Kids, the real lesson is pot's not going to hurt you. (Lemme back up: This column is a tribute to Jim Moore, Norman Chad and every other offensive sports columnist who might be out of a job soon with papers closing, because poking fun at the sensitive should never go out of business. Secondly, I don't like Spokane. Keep reading.)

Anyone who wasn't home-schooled has long known pot's no biggie, but the lesson I wish we could take from the picture of the record setting Olympian Michael Phelps inhaling marijuana is that maybe D.A.R.E. never had it right in the first place.

Phelps achieved his goals, smoked to celebrate, and so the world turns.

You'd think.

I KNOW American parents don't want to hear this, and they cover their ears and shut their eyes to block it out, but let me try to drag America out of the dark ages on this one: Pot is harmless. It just makes you want to take a nap.

When you want to take that nap, children, is the only lesson that could be important here.

The secret of life is finding a vocation or craft to which you can devote your everything, the successful eager to wake each morning in its pursuit. Like, say, waking up at 4:30 every morning your whole life to swim laps while in the hopes of becoming an Olympian while the rest of the world sleeps. That said, pursuit leads to accomplishment, which leads to accolades, which leads to 'It's OK to take a nap now.'

If you want to skip pursuit, accomplishment and accolades and head straight for the pillow, then drugs aren't your problem - real life is.

Don't worry, though, we'll still order coffee from you, and I'm sure someone will read your blog post.

NOW THE wife's leaned over, caught a gist of this gem, and the pure and holy are up in arms.

Ninety-seven percent of research indicates marijuana is a gateway drug, they scream, shaking their clenched fists.

That means abusers graduate to harsher forms of substances, and we parents have to stand by and watch our children's lives flush down the drain.

Blah.

Ninety-nine percent of the graduate students conducting those studies were at frat parties just like that South Carolina one six years ago. These are the same guys at 35 whose wives eye them from across the barbecue as they sip one beer with the "my-god-how-I-wish-I-could-relive-the-good-old-days" look on their faces.

They turned out fine, and so did the South Carolina deputies who were the ones throwing keg parties back in high school but now want to crack down on Phelps because he broke the law in their neck of the woods.

That's funny, except not the good kind of funny but rather the sad, embarrassing kind of funny, like when you happen to overhear the next table hitting on the cocktail waitress or catch a grown man pulling the tomato off his hamburger.

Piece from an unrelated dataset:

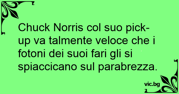 Chuck Norris col suo pick-up va talmente veloce che i fotoni dei suoi fari gli si spiaccicano sul parabrezza.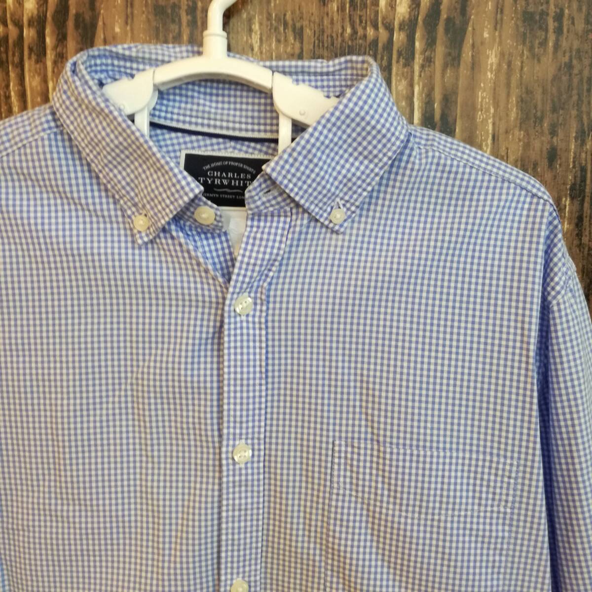 中古 アメリカ古着 CHARLES TYRWHITT チャールズティアウィット 長袖シャツ メンズ Mサイズ 青 ブルー チェック カジュアル 送料無料

(Lemme guess, witty blogger: You're quick enough to minimize the Web page at work before your boss comes around. Impressive. We absolutely should take your opinions seriously.)

STILL, SOME insist that Phelps is a disgrace to the Olympic Games, America and himself.

But to anyone living in the real world, he isn't. He's a face behind a few passing moments in our own lives.

We watched his training and devotion pay off in Beijing, cheered, then turned off the television and went back to the real world - the world where grown-ups chase their own vocations, realize waitresses make their money on being friendly, don't blog, and aren't appalled at the thought of a vegetable on their burger.

Now someone get Mike Patrick to write another Spokane editorial, pronto!